▸ **Data records**:
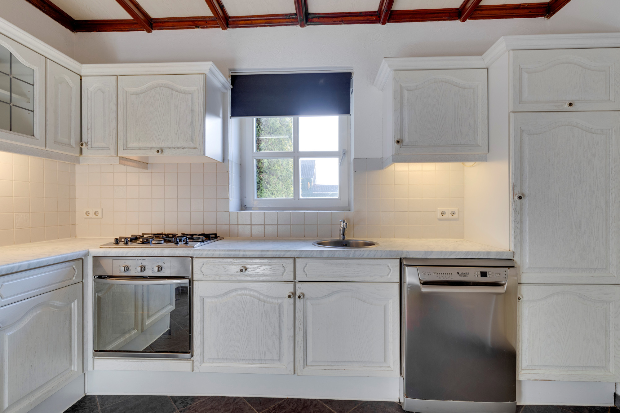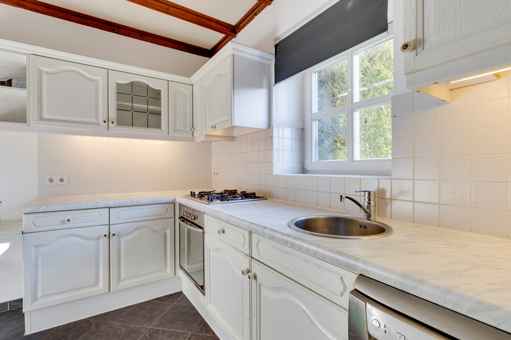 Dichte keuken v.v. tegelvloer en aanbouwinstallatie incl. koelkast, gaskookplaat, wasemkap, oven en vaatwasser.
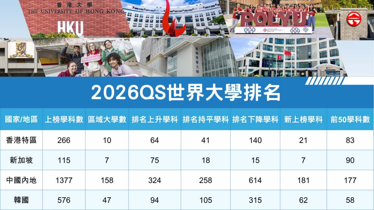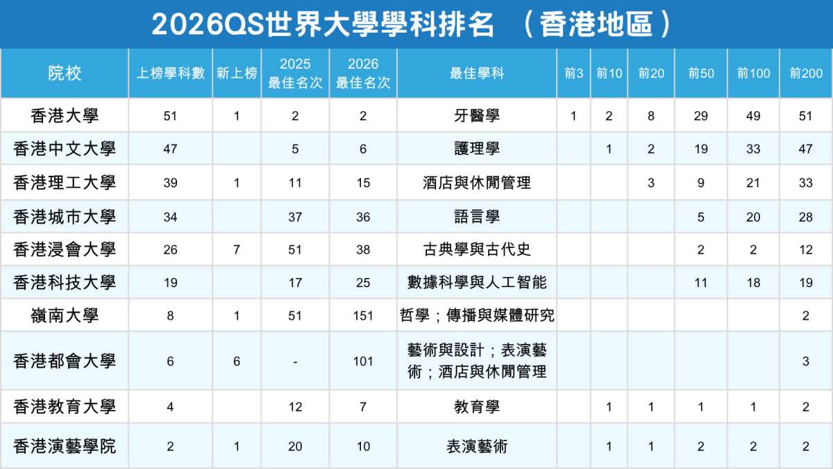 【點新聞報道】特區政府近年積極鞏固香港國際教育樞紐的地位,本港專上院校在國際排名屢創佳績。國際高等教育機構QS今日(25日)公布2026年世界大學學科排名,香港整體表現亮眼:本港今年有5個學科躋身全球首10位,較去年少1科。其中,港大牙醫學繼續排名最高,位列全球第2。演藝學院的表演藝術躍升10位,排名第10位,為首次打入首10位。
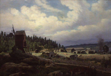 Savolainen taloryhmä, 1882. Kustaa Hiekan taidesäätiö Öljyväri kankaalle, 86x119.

* * *

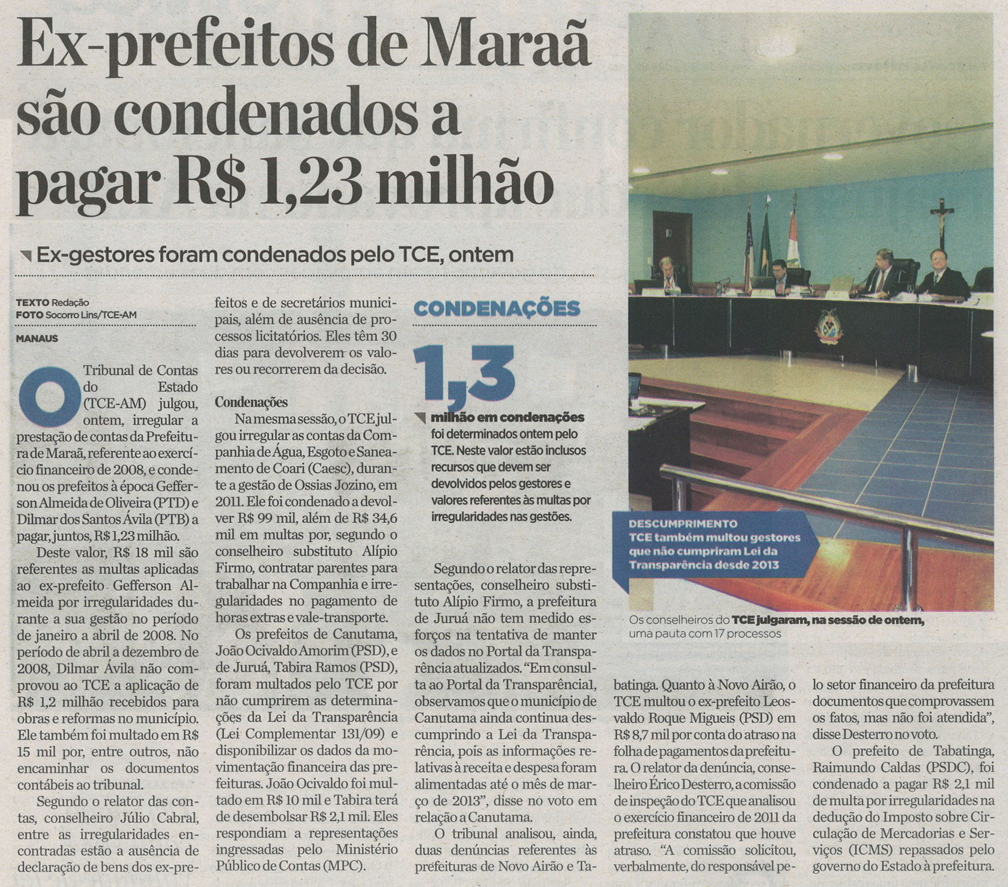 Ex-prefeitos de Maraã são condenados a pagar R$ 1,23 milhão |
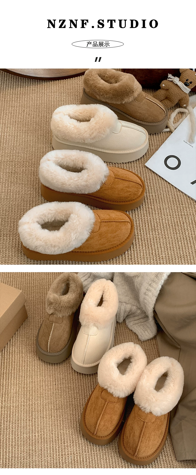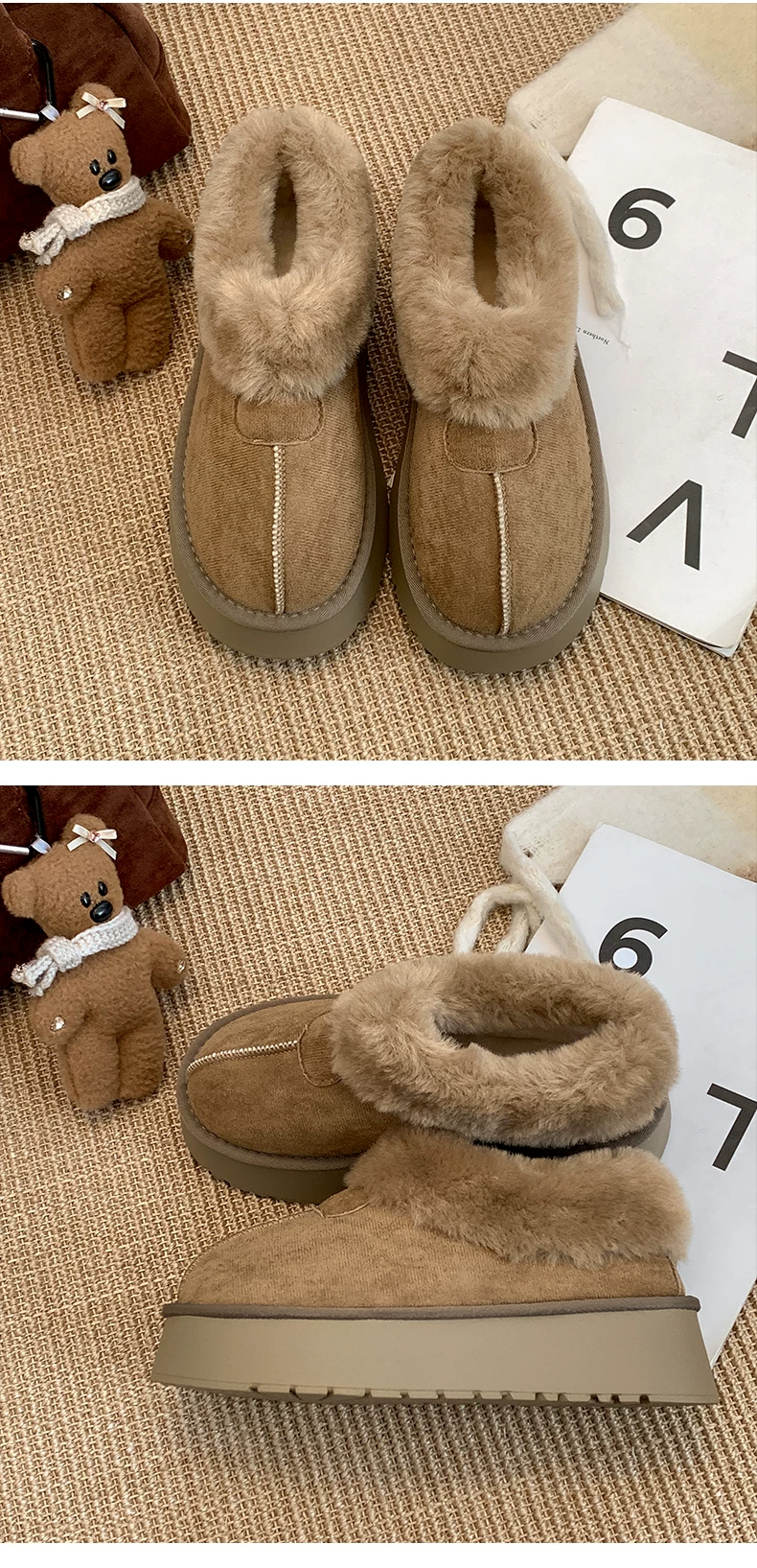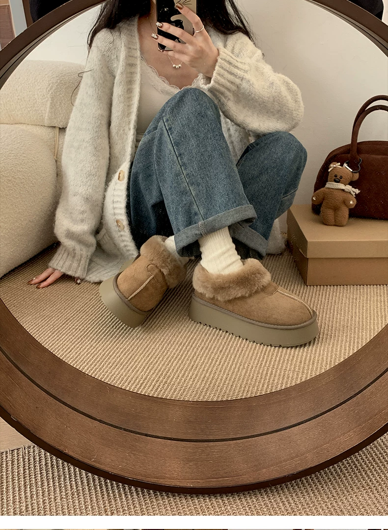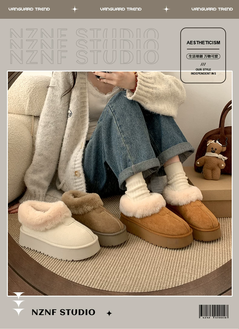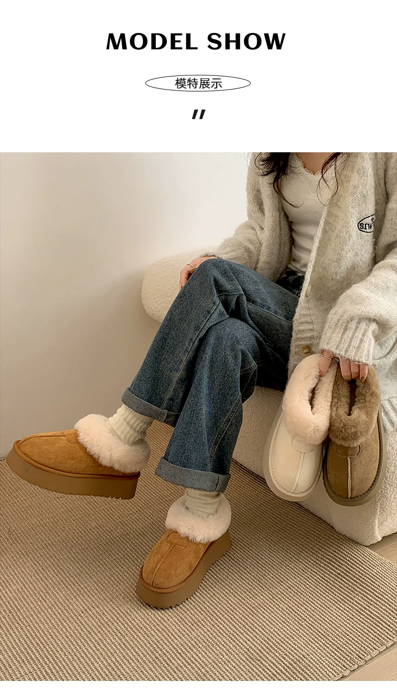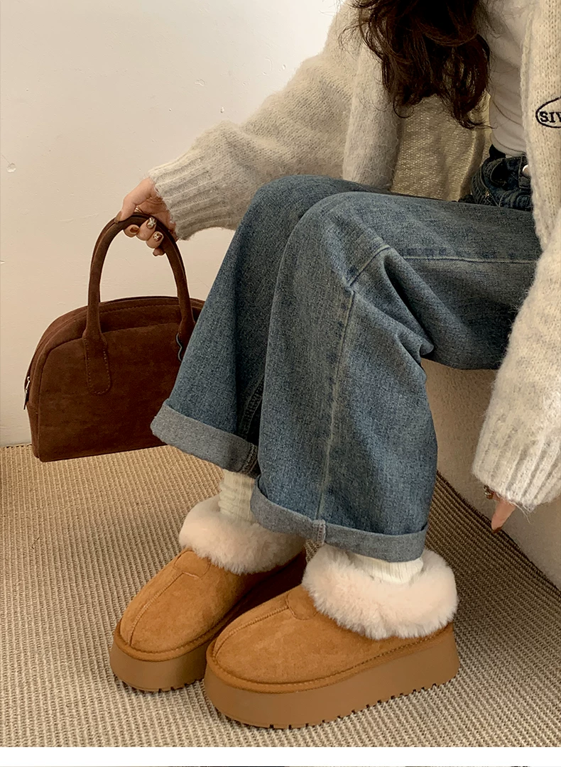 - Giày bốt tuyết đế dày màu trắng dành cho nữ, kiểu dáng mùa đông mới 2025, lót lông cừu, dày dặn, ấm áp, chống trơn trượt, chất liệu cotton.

...

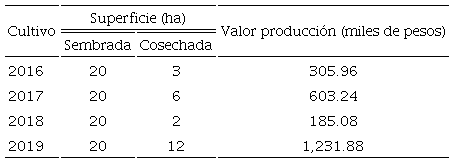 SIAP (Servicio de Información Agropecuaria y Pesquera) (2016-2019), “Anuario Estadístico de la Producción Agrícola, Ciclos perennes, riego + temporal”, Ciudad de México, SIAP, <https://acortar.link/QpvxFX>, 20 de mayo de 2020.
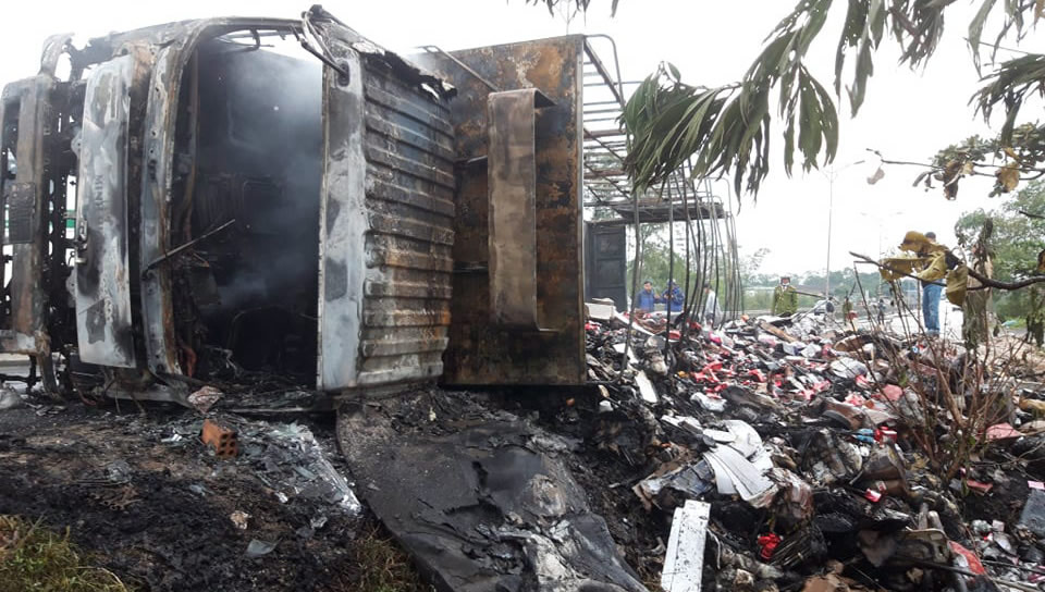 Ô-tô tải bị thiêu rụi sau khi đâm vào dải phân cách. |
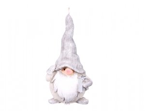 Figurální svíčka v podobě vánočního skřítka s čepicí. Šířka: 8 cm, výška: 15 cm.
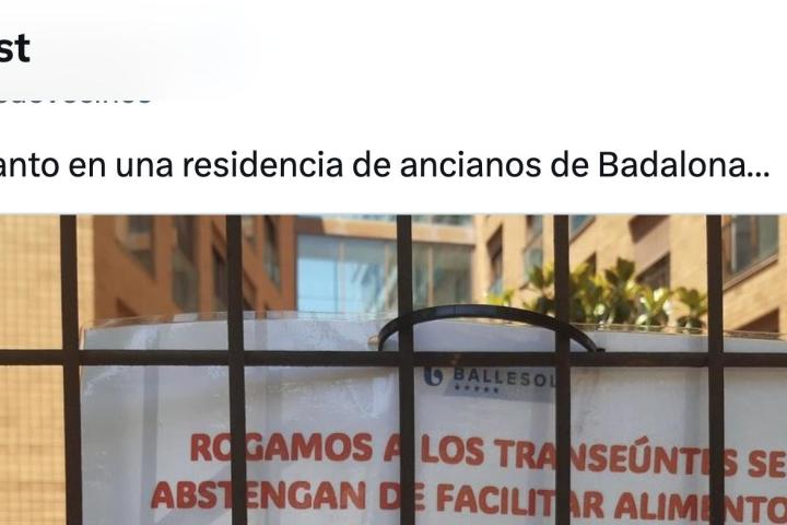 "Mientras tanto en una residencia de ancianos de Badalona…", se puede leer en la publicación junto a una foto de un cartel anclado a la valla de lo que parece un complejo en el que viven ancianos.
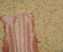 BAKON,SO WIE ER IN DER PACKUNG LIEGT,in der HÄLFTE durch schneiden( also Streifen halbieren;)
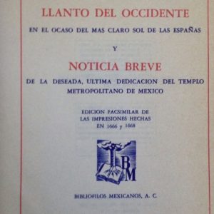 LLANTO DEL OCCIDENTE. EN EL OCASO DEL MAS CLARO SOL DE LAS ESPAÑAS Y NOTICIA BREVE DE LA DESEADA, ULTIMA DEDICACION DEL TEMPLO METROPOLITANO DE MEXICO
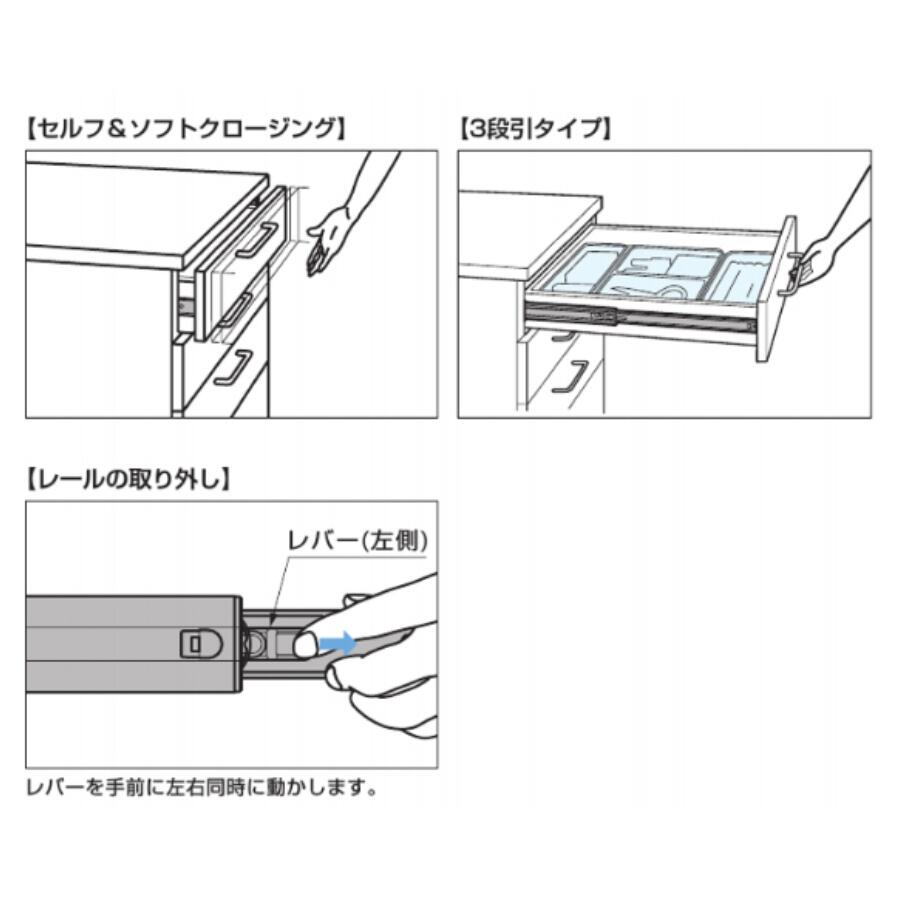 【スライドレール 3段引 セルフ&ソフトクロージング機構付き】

▸ **Work instruction**: From the records above, copy only the lines running from the line holding "Dichte keuken v.v." through the line holding "Savolainen taloryhmä, 1882.", with no pictures.

▸ **Solution to this exercise**:
 Dichte keuken v.v. tegelvloer en aanbouwinstallatie incl. koelkast, gaskookplaat, wasemkap, oven en vaatwasser.
 【點新聞報道】特區政府近年積極鞏固香港國際教育樞紐的地位,本港專上院校在國際排名屢創佳績。國際高等教育機構QS今日(25日)公布2026年世界大學學科排名,香港整體表現亮眼:本港今年有5個學科躋身全球首10位,較去年少1科。其中,港大牙醫學繼續排名最高,位列全球第2。演藝學院的表演藝術躍升10位,排名第10位,為首次打入首10位。
 Savolainen taloryhmä, 1882. Kustaa Hiekan taidesäätiö Öljyväri kankaalle, 86x119.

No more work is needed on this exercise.